I've put together a reading guide for chapters 1 - 3. I'l try to do
this periodically, and hopefully it will help keep us on the same
track. Feel free to post any questions or comments you might have!
Chapter 1 -
MacIntyre begins by suggesting that we have suffered a catastrophic
loss in how we understand ethics and morality. He describes a future
where our knowledge of natural sciences have been lost and centuries
later humanity tries to put that knowledge back together. The terms
and phrases might by the same, but the context has been completely
lost.
Anyone observing from the past would notice how the science was being
misused, but it would be impossible to for anyone in the future to see
the mistakes. MacIntyre believes we have gone through a similar break
in our understanding of morality. Unfortunately, we have all been
convince this massive break from our tradition of morality was a
positive development in Western history.
Chapter 2 -
There is no way today to rationally come to moral agreement. MacIntyre
takes several moral issues, including abortion and war, and shows how
we all come to arguments with rival claims. The different arguments
prevent finding agreement on the same terms. Moral agreement today has
become impossible due to a lack of common starting point.

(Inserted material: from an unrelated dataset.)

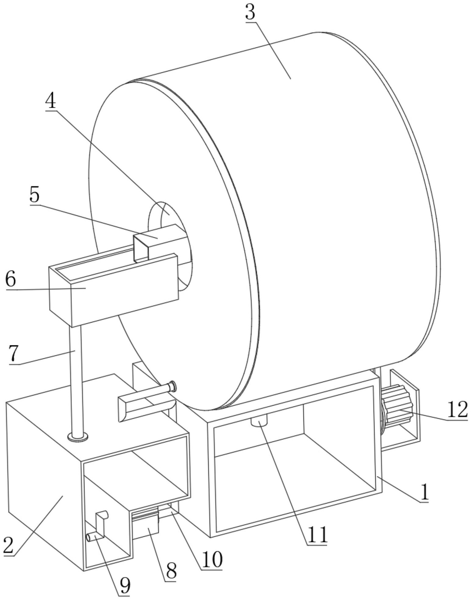 本实用新型公开了一种卧式刮刀离心机的残余滤饼层去除组件,包括过滤环和嵌入主管,过滤环内部的上端设置有传动连接轴;嵌入主管的外部设置有过滤腔,嵌入主管与过滤环之间横向均匀分布有若干个嵌入分流管,嵌入主管的一端设置有第二传输管道,第二传输管道的一端设置有抽液泵,抽液泵的一端设置有第一传输管道。本实用新型由抽液泵主动抽取储存于净水储存框内的液体,液体会直接接触过滤通孔过滤并滞留形成的滤饼,软化滤饼可有助于去除片接触并去除滤饼,解决了现有滤饼清除卧式刮刀对于滤饼去除组件伤害较大的问题。

The main culprit MacIntyre sees is emotivism. Emotivism is "the
doctrine that all evaluative judgements...are nothing but expressions
of preference, expressions of attitude or feeling, insofar as they are
moral or factual in character." This means that all moral judgements
come down to mere personal choice. There are no underlying truth
claims or consensus on morality that can be allow us to come to
agreement in ethical arguments.
Emotivism's strength lies in its universal claims - it professes to
give an account of all other value judgements. All attempts throughout
history are dismissed as merely expressions of preference, and all
arguments are reduced to simply trying to convince others of your
position through rhetorical prowess.
MacIntyre traces the birth of emotivism to a reaction against the
certainty of G.E. Moore's work in ethics. Around the turn of the
nineteenth century, Moore believed he had found impersonal and
objective measures in discerning morality. Hailed as a revolutionary
breakthrough at the time, it was believed that Moore had freed
morality from the bounds of tradition and ethics.

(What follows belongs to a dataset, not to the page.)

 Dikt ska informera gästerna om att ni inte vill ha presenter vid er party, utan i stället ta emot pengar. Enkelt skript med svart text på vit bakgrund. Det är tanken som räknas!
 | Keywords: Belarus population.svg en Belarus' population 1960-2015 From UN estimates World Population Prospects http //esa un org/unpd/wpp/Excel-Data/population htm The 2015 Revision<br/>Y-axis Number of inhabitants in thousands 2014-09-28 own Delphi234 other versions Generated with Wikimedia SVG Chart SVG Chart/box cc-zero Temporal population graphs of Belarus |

There are three main parts to Moore's arguments. First, that good is
the name of a non-natural property, such as yellow or weight. Second,
a right action is one that produce the most good - thus utilitarian.
And thirdly, the greatest goods are personal affections and aesthetic
enjoyments. These arguments went over well with many of the
intellegnsia of the time, who liked the idea that beauty and pleasure
were objectively the highest goals one could aspire to achieve, and
whatever actions produced the most beauty and pleasure should be
pursued most actively. Moore also claimed to explain all previous
arguments for the good through his criteria.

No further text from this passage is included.